The sun rises every morning. I do not rise every morning, but the variation is due not to my activity, but to my inaction. Now, to put the matter in a popular phrase, it might be true that the sun rises regularly because he never gets tired of rising. His routine might be due, not to a lifelessness, but to a rush of life.
The thing I mean can be seen, for instance, in children, when they find some game or joke that they specially enjoy. A child kicks his legs rhythmically through excess, not absence, of life. Because children have abounding vitality, because they are in spirit fierce and free, therefore they want things repeated and unchanged. They always say, “Do it again”; and the grown-up person does it again until he is nearly dead. For grown-up people are not strong enough to exult in monotony. But perhaps God is strong enough to exult in monotony. It is possible that God says every morning, “Do it again” to the sun, and every evening, “Do it again” to the moon.
It may not be automatic necessity that makes all daisies alike; it may be that God makes every daisy separately, but has never got tired of making them. It may be that He has the eternal appetite of infancy; for we have sinned and grown old, and our Father is younger than we. (paragraph breaks added)

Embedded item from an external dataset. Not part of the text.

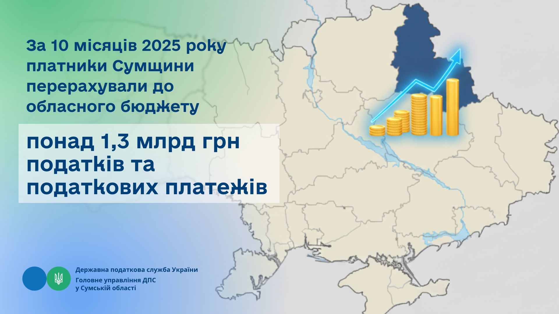 Так, за даними управління економічного аналізу Головного управління ДПС у Сумській області, протягом січня-жовтня 2025 року до обласного бюджету Сумщини надійшло 1 325 763,3 тис. грн податків, зборів та інших податкових платежів, що на 122 410,0 тис. грн (або 10,2%) більше, ніж за відповідний період 2024 року.

Source: Orthodoxy, GK Chesterton
Birds are so damn flitty, aren’t they? There was a CBC program, many years ago, called “Something and Charles” (no, the co-host wasn’t called “Something”) which tried to explain science simply. We can mimic bird song by whistling, for example, but it doesn’t sound right. They showed that our whistles had to be speeded up many times — MANY times — to obtain not only the right notes, but the right tone to the notes. It makes we wonder if EVERYTHING in birds’ lives, especially small birds’ lives, takes place at a higher frequency.
Jim T
Jim – That’s interesting – about the relationship between our whistling and bird song. Their metabolisms are higher, I think, but I couldn’t quickly find anything better than this essay, which talks about songbird metabolic rates being 30 – 70% higher than other birds and mammals. So, yeah, maybe they do go through life a tad quicker on all fronts.
There is something about house sparrows in London, milk bottle caps, and critical mass, or perhaps tipping points that is sticking in my mind, and won’t come out…
We have a winter feeder outside our bedroom window. It’s fun to watch them, sometimes 20 or 30 at a time.
Ian – Interesting. I didn’t find anything on London, but blue tits were drinking cream off front steps in East Swaythling in 1921. I think house sparrows are pretty, but a friend assures me they’re very aggressive, pushing out other birds.